6 thoughts on “How to choose a chess opening repertoire (Be The Nex You Part 2 chapter 2)

  1. So you hate facing the French, and you always seem to drop a pawn… Welcome to the club :) .

    Since we have similar feelings vs the French i’m gonna advice you to try and play what i play against it and see if you like it. And if you like it, you can even turn it into a habbit :) .

    Since you seem to drop a pawn anyway, why not do it deliberately and play the Wing Gambit (as Nigel Davies suggests in his Gambiteer book, or play Korchnoi Gambit. The latter even has a seal of approval from Kasparov!

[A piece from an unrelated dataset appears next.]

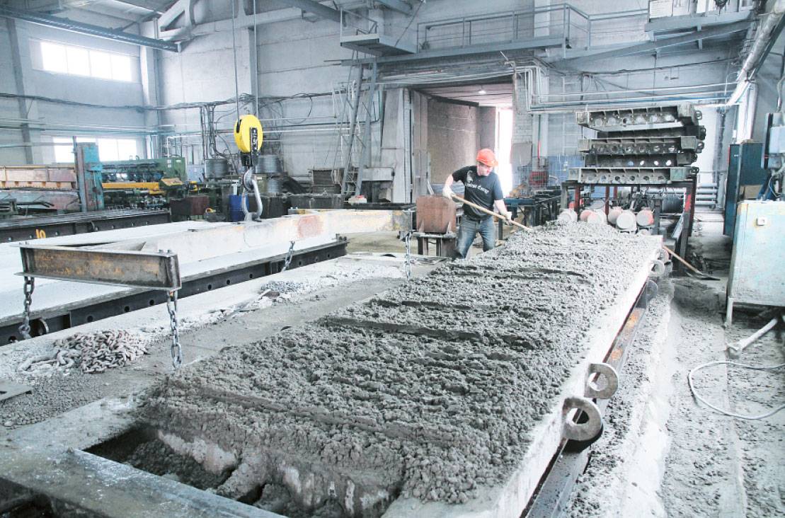 Это вибростол на заводе для формования пустотных плит перекрытия
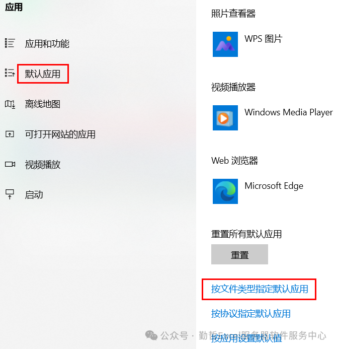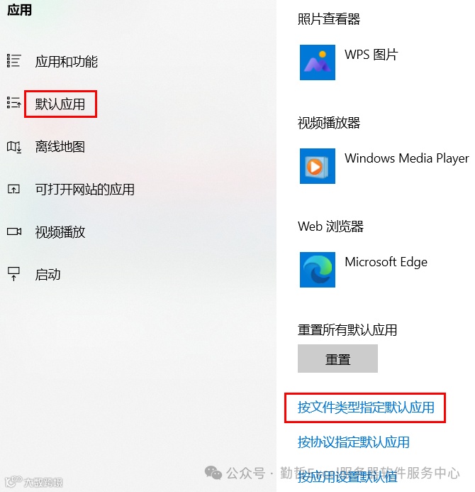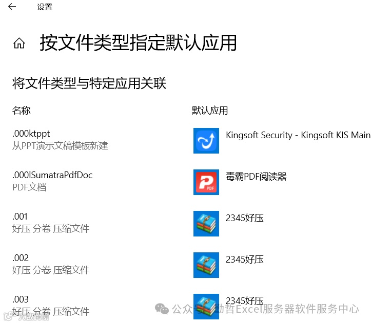 继续点击““按文件类型指定默认应用”,进入“文件类型与特定应用关联”界面。

If it makes a difference… Books that cover the mentioned gambits; Gambiteer I (Wing Gambit) and Starting Out: 1 e4! (Korchnoi Gambit. Note: you should not expect your games to go like the ones i refered to in this comment. In time maybe. But not right away. Ofcourse, you could be a natural :) .

  2. Hey Wang!

    This is good stuff. I did indeed review the Emms book on my now defunct blog. I didn’t like the book very much. He really didn’t delve into principles.

    I liked an Edmar Mednis book better:

    I thought the Giddens books was cool but not really something to be read cover to cover.

    Tom G

  3. Btw, since you’re an Alekhine fan, did you ever consider playing 1. b3 as White? This guy did. And he was also a devoted Alekhinist! One thing’s for sure; playing 1. b3 will definitely save you time where opening theory is concerned… Oh, and whenever i play 1. e4 and face 1… c5 i play 2. c3.

  4. CMoB:
    I was thinking about the wing gambit. Only problem is, it is a pain to learn a new opening, so I will have to button up my black repertoire before I undertake any new stuff with the white pieces.

    tomg:
    I thouhgt it was you that reviewed the Emms book. Oh by the way, start your blog up again.

    BDK:
    Thanks, I’m in rarefied blog company now. Biggest thing is I wanted to spit this one out before school started, hope it’s useful.

  5. You know what; forget about those gambits i mentioned. After some long and hard thinking about with what to face the french once again and since these gambits (well atleast the wing gambit) don’t offer a life long solution to the french problem i’ve decided to switch to the Advance French. And i quote; The Advance French is not particularly theoretical. There are lines where White gambits the d-pawn where some theoretical knowledge is necessary but on the whole White can get by with a good feel for the ideas rather than knowledge of specific moves. ~ Byron Jacobs Mastering The Opening.